EXCLUSIVE: How Cameron’s pirate guards scheme disguises a naval cuts cock-up.

Yo-ho-ho, and a rum business at the Home Office

The Prime Minister’s new anti-pirate shipping guards scheme is designed to spare the blushes of the Royal Navy….and distract the electorate from the parlous state of our defence infrastructure

The Slog has learned from senior maritime vessel management sources that the Prime Minister’s announcement about guards on merchant ships is, in reality, a clever spin exercise to mask the helplessness of the Royal Navy.

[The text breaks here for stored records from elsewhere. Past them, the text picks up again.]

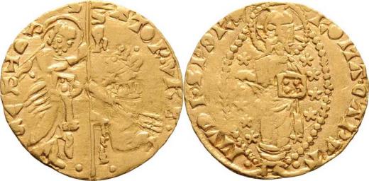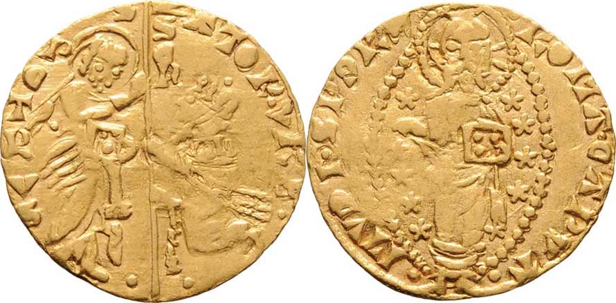 Dukát b.l., stojící Kristus se svatozáří, opis / princeps klečící před svatým Petrem, opis, Berm.150, De Wit.III.3733, Biaggi.2126, 3.475g, nedor., pat. R!
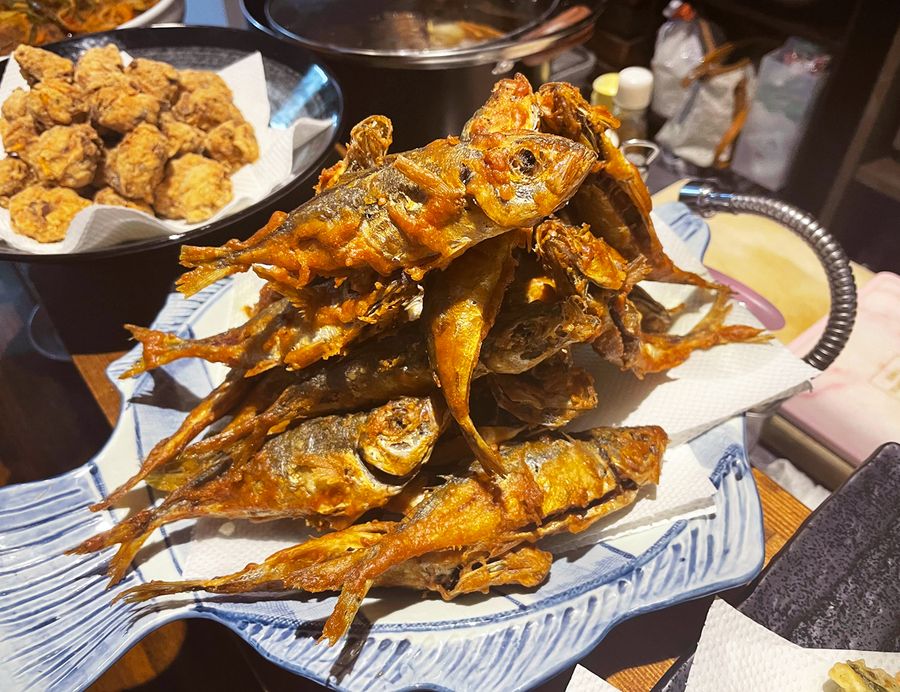 中でもひときわ目を引いたメニューが「鰺(あじ)のおつまみからあげ」。茶色い衣をまとった小アジが、まるでタワーのように積み上げられている。さすがは魚の棚!
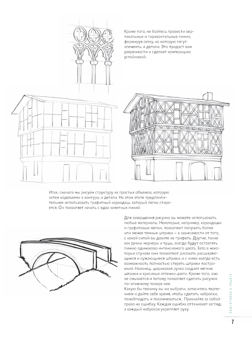 Создаем зарисовки зданий и других сооружений шаг за шагом. 50 проектов с подробными объяснениями и рисунками. Скетчбук начинающего художника
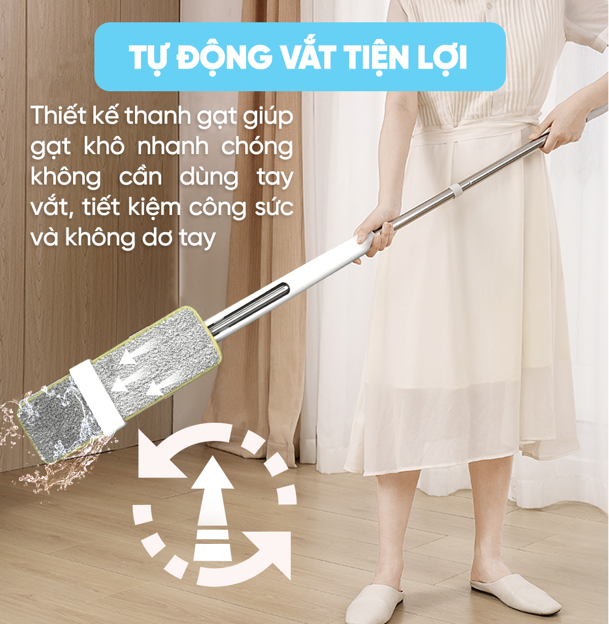Trước đây, chúng ta thường dùng giẻ và xô để lau những giọt nước trên sàn nhà và tường sơn, nhưng để lau những giọt nước nhiều, chúng ta phải dùng tay vắt giẻ nhiều

With some fanfare yesterday, David Cameron announced that ships sailing under Britain’s flag will be permitted to carry armed guards on some perilous routes to combat the threat from pirates. Cameron told the BBC that Britain would be reversing its opposition to the use of weapons aboard ships, amid mounting concern about the risks of vessels and crew being seized by pirates — particularly off Somalia’s coast.

But while the Cabinet office ‘confirmed’ that the use of weapons on British-flagged ships is banned under firearms laws, most UK flag ships travelling anywhere within range of Somalian Pirates already carry armed guards. The Maritime and Coastguard Agency, which comes under the Department for Transport, has turned a blind eye to the practice for the last two years.....ever since the biggest British shipping company, Zodiac Maritime Agencies, had a ship pirated. ZMA's owners, Sammy and Idan Ofer, put armed guards aboard their hundred-strong fleet immediately after having to hand over a ransom.

However, what most observers haven’t realised is that the revised operation will be under the Home Office’s wing. This is idiotic, given that – as its name suggests – the Home Office controls security in the UK, not beyond its territorial waters.

“The Home Office’s knowledge of ships could be written on a postage stamp,” one source told The Slog, “What is really going on here is that the Royal Navy will be dropping all anti-pirate duties because their gas turbine ships are too expensive to keep at sea in the area."

The reason for this is easy to explain: the sailing range of a Royal Navy destroyer at economical speed is 4,000 miles – but only if it sails at an economical speed. The standard figure for most deep sea merchant ships is five times as much.

“The cost of fuel for [Royal Navy] gas turbines means they stay in port,” a senior authority on merchant vessels told me, “The Royal Navy is so strapped for cash, it can’t even afford to practice let alone get involved in serious operations. Such patrolling as gets done is down to  the Royal Fleet Auxiliary, whose slightly more fuel-efficient ships are intended to act as tankers and general supply vessels to the Navy’s handful of remaining warships - because, being quasi-merchant ships, they have diesel engines.”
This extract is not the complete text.